Le navire porte en lui le droit maritime. Il est, sauf exception, l'objet autour
duquel s'organisent les règles particulières du droit maritime : il n’y a pas de
droit maritime sans navire. A côté de multiples définitions qui coexistent dans
le droit international conventionnel, le code de la marine marchande togolaise,
le définit en son article 42 comme « tout engin flottant qui effectue, à titre
principal, une navigation maritime ».
Cette définition, bienvenue, n'est cependant pas tout à fait conforme à celle
que retient habituellement la jurisprudence, pour laquelle la qualification du
navire est fondée sur sa capacité à affronter le risque de mer.

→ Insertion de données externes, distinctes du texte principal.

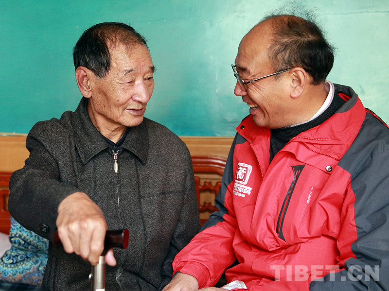 我和公覺扎朗已有30多年未謀面了。耄耋之年的公覺扎朗記憶力不好,腿腳也不靈活。他的老伴央金此時(shí)去尼瑪縣看望當(dāng)干部的女兒玉珍一家,只有保姆在家照顧他,于是我們手拉著手,斷斷續(xù)續(xù)地回憶起當(dāng)年的許多往事……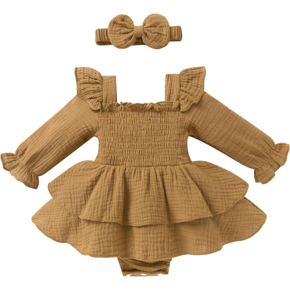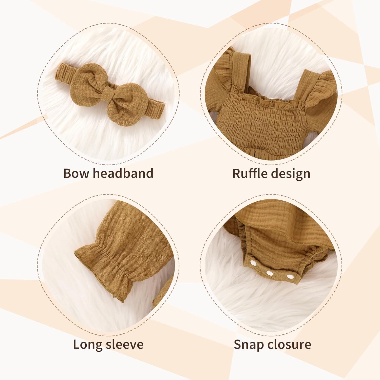 YOUNGER TREE Baby Girl Fall Clothes Infant Long Sleeve Ruffle Romper Dress with Headband Cute Toddler Winter Outfits(Yellow Brown)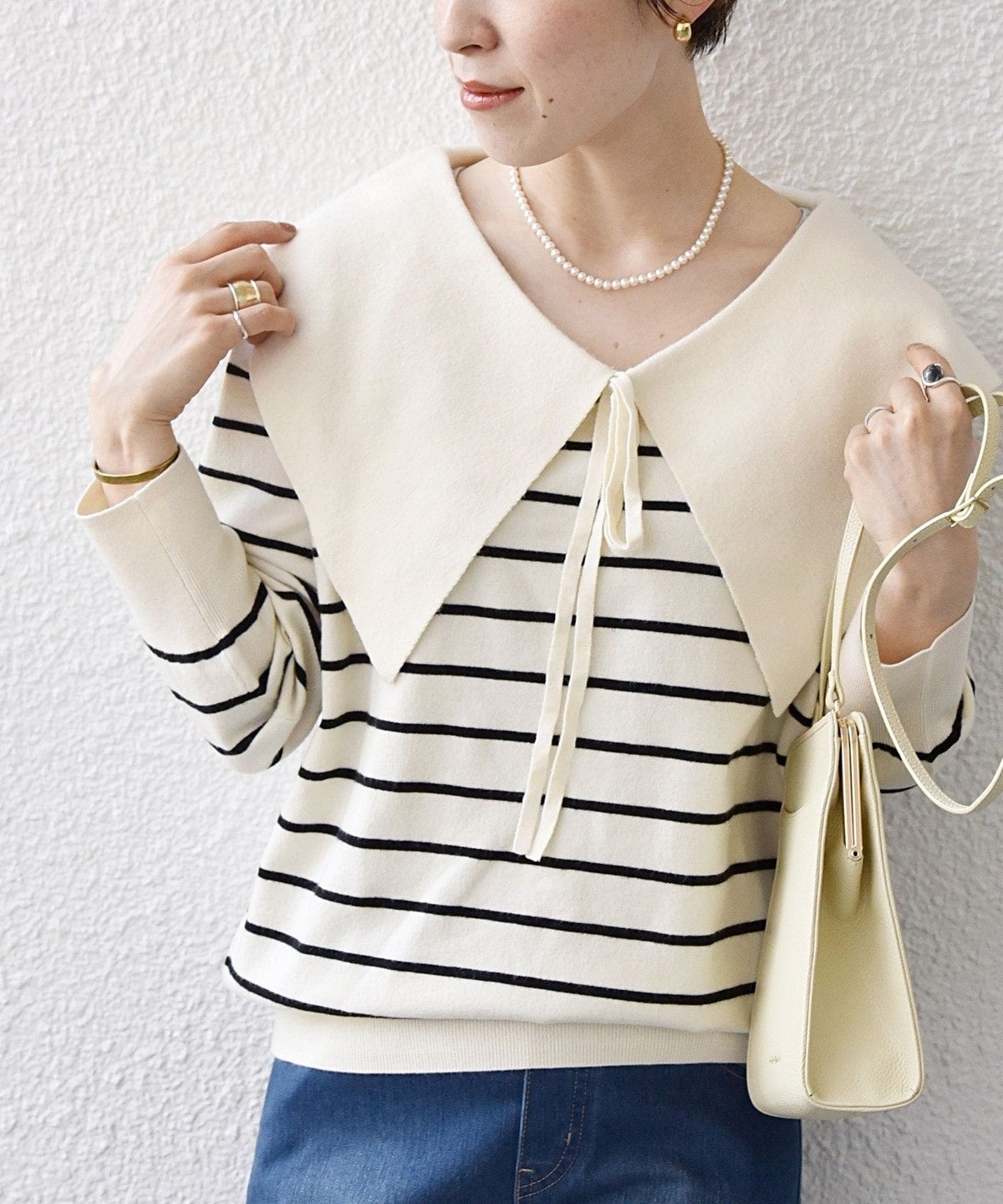 トレンドのビッグカラーが付いたニットプルオーバーが小顔効果も抜群!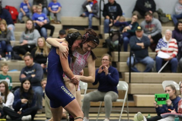 Leila Wedgwood was 2-1 on the mat with a win by fall and a 6-4 decision against Sumner-Fredericksburg’s Mae Wedemeier.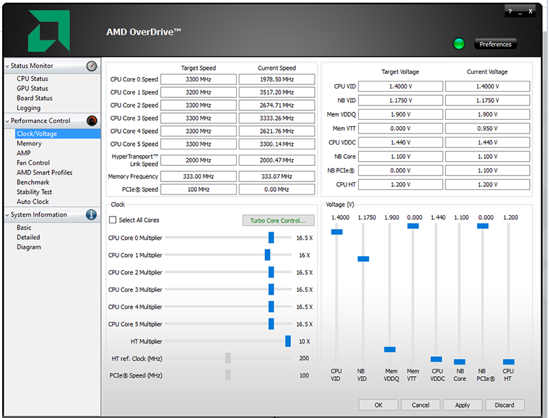 Интерфейс программы интуитивно понятен и разделён на несколько вкладок, каждая из которых отвечает за определённый аспект настройки. Вкладка Status Monitor отображает текущее состояние системы: загрузку процессора, температуры, рабочие частоты и напряжения. Это позволяет отслеживать изменения в режиме реального времени и быстро реагировать на перегрев или нестабильность. Меню Performance Control предоставляет ползунки для изменения множителя ЦП, частоты HyperTransport и напряжения, что позволяет гибко настраивать разгон.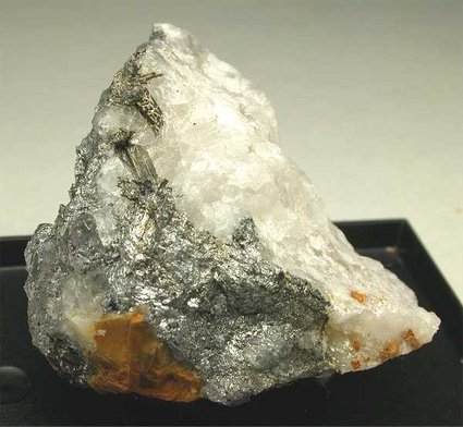 BOTTINO MINE, SERAVEZZA, CARRARA, ITALY - Nice bright metallic crystal of the rare meneghinite ! The crystal is 0.5 cm in size and is located in an open cavity of the qurtzite matrix. Overall size is 4x4x2.5 cm

Doté d'une sorte d'état civil, meuble individualisé, identifié, immatriculé,
contrôlé, le navire est un bien si particulier que la tentation a existé d'en faire
un immeuble, voire même, de manière assez étonnante, une personne .

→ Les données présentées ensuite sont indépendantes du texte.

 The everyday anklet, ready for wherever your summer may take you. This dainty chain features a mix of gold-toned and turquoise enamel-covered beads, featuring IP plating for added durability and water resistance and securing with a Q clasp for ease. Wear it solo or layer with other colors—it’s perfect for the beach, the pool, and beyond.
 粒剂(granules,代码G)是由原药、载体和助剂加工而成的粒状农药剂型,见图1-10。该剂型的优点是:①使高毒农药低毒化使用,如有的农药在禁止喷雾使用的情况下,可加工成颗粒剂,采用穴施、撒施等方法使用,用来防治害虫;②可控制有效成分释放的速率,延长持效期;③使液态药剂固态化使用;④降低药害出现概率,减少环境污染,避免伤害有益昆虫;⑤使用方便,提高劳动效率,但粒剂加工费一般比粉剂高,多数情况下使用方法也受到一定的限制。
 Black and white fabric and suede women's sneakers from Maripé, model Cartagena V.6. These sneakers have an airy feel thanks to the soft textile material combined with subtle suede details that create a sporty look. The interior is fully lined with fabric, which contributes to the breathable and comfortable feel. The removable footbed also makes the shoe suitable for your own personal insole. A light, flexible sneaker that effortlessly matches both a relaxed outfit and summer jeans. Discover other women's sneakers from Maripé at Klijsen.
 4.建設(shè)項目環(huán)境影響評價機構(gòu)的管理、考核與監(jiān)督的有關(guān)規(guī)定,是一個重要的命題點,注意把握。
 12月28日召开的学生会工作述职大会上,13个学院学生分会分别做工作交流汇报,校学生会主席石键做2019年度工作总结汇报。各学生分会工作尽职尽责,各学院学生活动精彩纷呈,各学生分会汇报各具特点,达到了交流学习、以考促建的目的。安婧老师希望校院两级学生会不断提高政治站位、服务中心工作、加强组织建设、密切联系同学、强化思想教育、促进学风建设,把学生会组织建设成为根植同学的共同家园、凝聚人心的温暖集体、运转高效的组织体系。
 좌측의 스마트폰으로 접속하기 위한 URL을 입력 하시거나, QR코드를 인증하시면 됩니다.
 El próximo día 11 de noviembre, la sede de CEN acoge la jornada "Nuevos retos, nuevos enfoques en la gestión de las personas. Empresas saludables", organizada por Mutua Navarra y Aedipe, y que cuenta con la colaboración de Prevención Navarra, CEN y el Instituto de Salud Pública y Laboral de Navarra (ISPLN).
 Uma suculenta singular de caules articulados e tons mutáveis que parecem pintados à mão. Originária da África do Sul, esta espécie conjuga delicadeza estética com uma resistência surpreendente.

Plus qu'une question de qualification, il est surtout question du droit
applicable : droit maritime en présence d’un navire ; droit commun dans les
autres cas (sauf exception)
Aujourd’hui et bientôt demain, c’est la question du navire autonome qui
interrogera profondément le droit.

1. La notion de navire
A côté du navire classique, il est aujourd’hui possible de s’aventurer en mer à
l'aide de choses mobiles, diverses et variées, mais qui échappent, sauf
exception, à la qualification juridique de navire et donc à l'application du droit
maritime.
Tel est notamment le cas, pour les petits objets, des zodiacs, jet-skis, surfs,
planches à voile, body-boards, pédalos, etc. (liste non exhaustive). Tel sera
aussi le cas, pour les plus gros, des « navions », des plate-formes de forage ou
d'exploitation du plateau continental, des usines flottantes, encore des îles
artificielles. De manière générale, on retiendra que le navire est donc un engin
flottable principalement affecté à la navigation maritime et apte à en affronter
les périls.
Navire et navigation maritime - L'objet du droit maritime se détermine par
rapport au navire, qui se détermine lui-même par rapport à la notion de
navigation maritime : il n'est de navire qui n'exerce son activité habituelle dans
les eaux maritimes. Mieux, un navire doit, a minima, être flottable, c'est-à-
dire apte à se déplacer à la surface des mers, car naviguer consiste à se rendre
d'un point à un autre de l'océan.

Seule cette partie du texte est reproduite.